Monday, June 3, 2013

Resonance in Star Trek: Into Darkness

This weekend I went to see Star Trek: Into Darkness for the second time. The first time was part of an unofficial Superstars post-conference field trip. Let me tell you, seeing this kind of movie with a group of predominantly science fiction and fantasy writers was a blast. Unfortunately, exhaustion and a 6:00 am flight the next morning curtailed my ability to discuss the movie with them as much as  I would have liked.

The second viewing was with my husband and two boys. One of the great things about seeing a movie more than once is I tend to notice things I didn't the first time around. Star Trek: Into the Darkness didn't disappoint.

For all of you who are yelling at your computer - "WAIT. DON'T! I HAVEN'T SEEN IT YET." I'm going to stay fairly general so I don't give anything away.

Regardless of what you feel about the re-boot, one of the reasons the new movies work for me is the casting. All of the actors wear their characters well. There's enough of the original versions of them that I don't have to completely reset my thinking to follow along (unlike a female Starbuck).

At it's heart, Into Darkness is an action adventure in space movie. Each challenge is bigger than the one before. The movie starts with a moment that could have come from the Indian Jones franchise. That scenario builds to a peak and resolves. Just when you start to catch your breath, another crisis brews, bubbles over and explodes. By the end, you've been on such an adrenaline rollercoaster, you think that the final conflict CAN'T possibly build to a higher point. But it does.

The new movie is less Kirk dominated than the original series or movies. Spock, Uhura, Chekhov, and Scotty all have their own character arcs. In fact, I'd go so far to say that Spock is the protagonist. There are some charming moments with realistic dialog that have as much to do with character development as they do with moving the plot forward. This movie definitely has an ensemble feel to it. And it's stronger for it.

What struck me most on this second viewing though wasn't the story arc or character development. Rather it's the number of "call backs" or references to the original  series, original movies, other science fiction and fantasy movies, and other action adventure movies that struck me on the second go through. Some of them are so subtle that I missed them the first time around. Some sledgehammer you. Certain time line elements are consistent with the original and others aren't - with events had hadn't yet happened in the original already occurring before this movie started. One moment made me groan and giggle even though I'm sure that's not the emotion the writer was hoping to evoke. There's paraphrasing of a quote from The Princess Bride. And a tribble.

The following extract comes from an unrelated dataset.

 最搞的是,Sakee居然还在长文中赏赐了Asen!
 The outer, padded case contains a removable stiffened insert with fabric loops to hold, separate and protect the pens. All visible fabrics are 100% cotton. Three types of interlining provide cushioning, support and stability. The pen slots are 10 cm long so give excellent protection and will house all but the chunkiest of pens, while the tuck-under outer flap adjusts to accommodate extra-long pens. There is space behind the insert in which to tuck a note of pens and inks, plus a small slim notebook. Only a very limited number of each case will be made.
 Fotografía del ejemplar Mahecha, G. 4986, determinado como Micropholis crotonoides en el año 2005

What takes a story from "good" to "memorable"/ "fantastic?" It has to captivate us, has to have characters we want to root for, and a few we want to fail.  It also needs to hook into our collective unconscious - our shared experiences. My sons, who didn't catch most of the references, loved it. My husband who sort of watched the original series and liked it, but didn't love it (I know. And I still married him, go figure) enjoyed the movie, and caught a lot of the references. I completely geeked out, and spent the closing credits (with the other twenty people still in the theatre - not my husband or sons) talking about the call back moments.

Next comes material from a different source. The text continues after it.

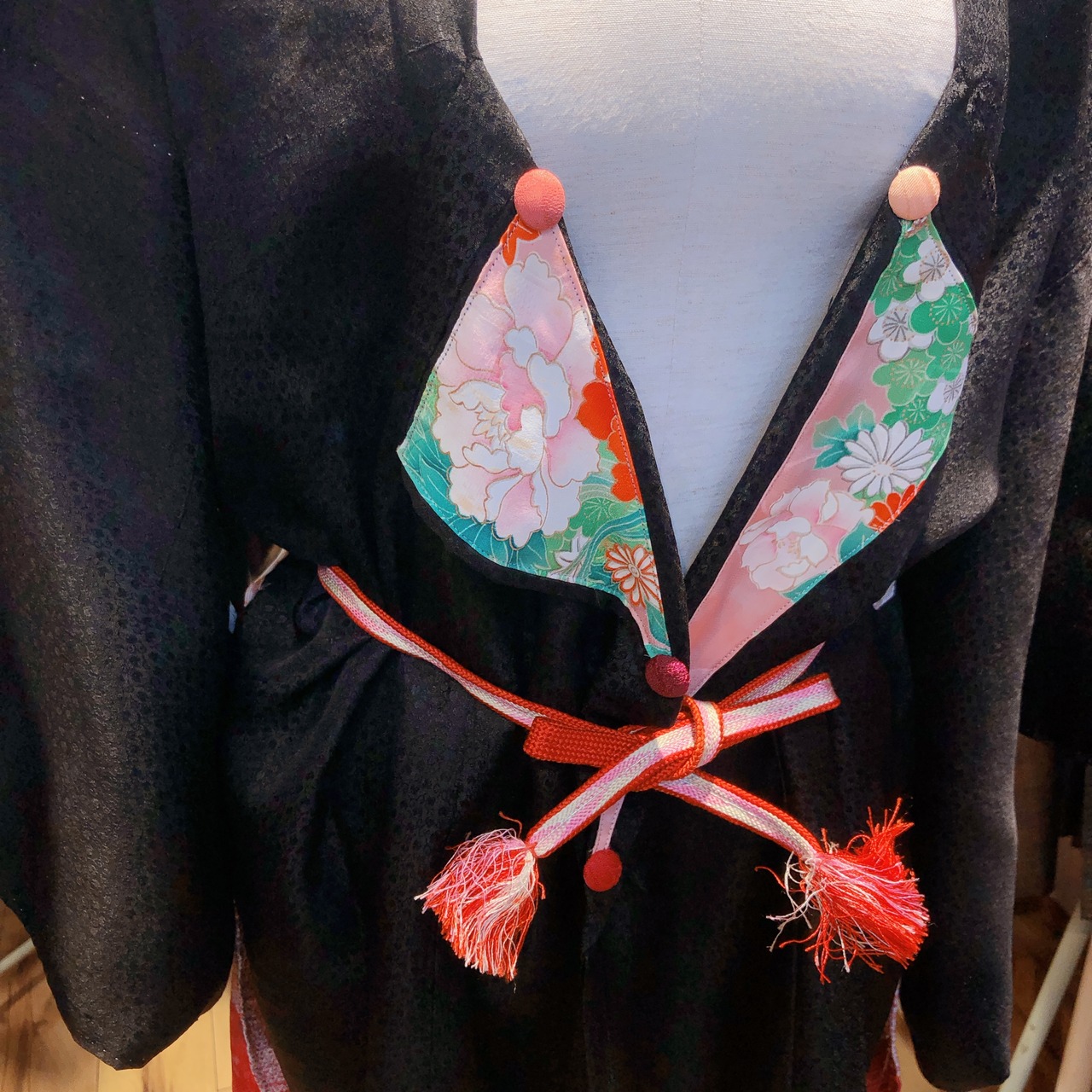 帯紐できゅっと結ぶとシルエットがよりかわいくなります。

The ability to appeal to a multi-generational audience makes for big sales. It's also the hallmark of good story telling. Dave Farland/ Wolverton talks about building resonance into your stories in his seminars and Million Dollar Outlines and Drawing on the Power of Resonance in Writing.  Into Darkness \excels at resonance. It's well worth learning from. If you're the kind who doesn't want to take a notepad into the movie, wait until it comes out in electronic format or video. It's well worth the effort of analyzing it for the references to other works or events it makes. Also, if you haven't checked out Dave's books, I highly recommend that since he does a much better job at explaining resonance than I do.

2 comments:

FrankMorin said...

Great post, Nancy. I'll have to watch it again and look for more of those resonances.

Nancy DiMauro said...

Thanks Frank. Glad you enjoyed the post.